As a disillusioned former English teacher, I miss talking to teenagers about books. But I also rejoice in my freedom from the dreaded Ofsted. At first glance, Ofsted’s new inspection framework might promise a breath of fresh air to teachers suffocating under a pile of data. Assessment will in future be judged as part of the more open ‘quality of education’ area, rather than being a focus in its own right.
But a closer read reveals that Ofsted is fundamentally out of touch. ‘Behaviour and attitudes’ will also become one of the four areas judged. Schools will be encouraged to get ‘tough’ on disruptive students. In June last year, the head of Ofsted, Amanda Spielman, outlined her approach: ‘I think it’s entirely appropriate to use sanctions, such as writing lines, community service in the school grounds like picking up litter, and school detentions.’ Spielman advocates rules and punishments set down by senior managers and even the state. But she has never been a teacher and so has never personally had to sanction a student. She comes from the hierarchical world of business. What do you do when pupils swear in your face instead of writing their lines, or when they don’t show up for detention? Should we exclude all those inconvenient souls?
Research by Barnardo’s has shown that excluded children are at serious risk of becoming involved in violence. And children are dying on the streets. In January, 14-year-old Jaden Moodie was brutally stabbed to death less than a mile away from a sixth-form college at which I once worked. Pupil Referral Units are overstretched and far from ideal in any case. Sarah Jones, chair of the All–Party Parliamentary Group on Knife Crime, has said: ‘Professionals talk about the “PRU to prison pipeline”.’

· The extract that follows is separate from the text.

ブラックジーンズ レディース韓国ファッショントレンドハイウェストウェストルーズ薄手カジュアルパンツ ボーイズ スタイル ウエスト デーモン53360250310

The NHS recorded a 14 per cent increase between 2017 and 2018 in ‘consultant episodes due to assault by a sharp object’. In cases involving possession of a knife or offensive weapon during the same period, those aged ten to 17 were the offenders in 21 per cent of cases.

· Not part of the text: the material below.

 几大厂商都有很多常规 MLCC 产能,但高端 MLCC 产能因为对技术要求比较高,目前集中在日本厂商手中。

Ofsted’s focus on behaviour will not help students who persistently refuse to do as they are told. In my experience, disruptive students are often those who feel the system has nothing to offer them. Forcing GCSE students who are predicted E grades to read Victorian literature when they have no idea what a quarter of the words mean feels, for teachers, worse than futile.

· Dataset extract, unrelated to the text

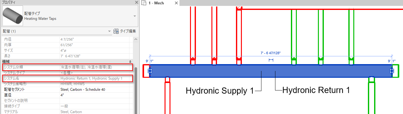2 次ループがタップ接続を使用してヘッダに接続されている場合、ヘッダには 1 次ループの供給システムと循環システムの両方が含まれます。これらのシステムは、下のイメージでタグによって示されているとおり、パイプの中心で分割されます。両方のシステム名とシステム分類は、[プロパティ]パレットに表示されます。

Punishing those students proves to them that school is against them. It would be more useful to teach these students something they are interested in, or to demonstrate the relevance of English to ‘real life’. But teachers are obliged by a rigid system to slog through termly assessments geared towards passing a GCSE. I have watched many teenagers locked in the system become increasingly cynical. I don’t believe a tough stance would have helped them.
Students who are not co-operating at school might be made more passive by this kind of punishment. But no punishment can make someone want to learn. Even if a student doesn’t love the subject, they need to understand its purpose.
Another reason students are disruptive is unhappiness. If a person is miserable, addressing how they feel is more useful than detention. The government recognises the benefits of school counselling, but in 2016, only 62 per cent of schools offered such services. An increased focus on good-quality counselling would make more sense.
A third reason students do not always co-operate is that young people tend to exist in the present, rather than looking to their futures. A girl I taught told me she was hoping to be transferred to a local Pupil Referral Unit because she had heard they ‘let you go out for a fag during classes’.
Teachers like me are getting out. A 2018 National Education Union survey found that 80 per cent of classroom teachers at some time seriously considered leaving the profession. Is a tough stance really the way to help them deal with difficult kids? Difficult students are often unhappy people whose lives will end up harder if they are treated as failures and permanently excluded from school.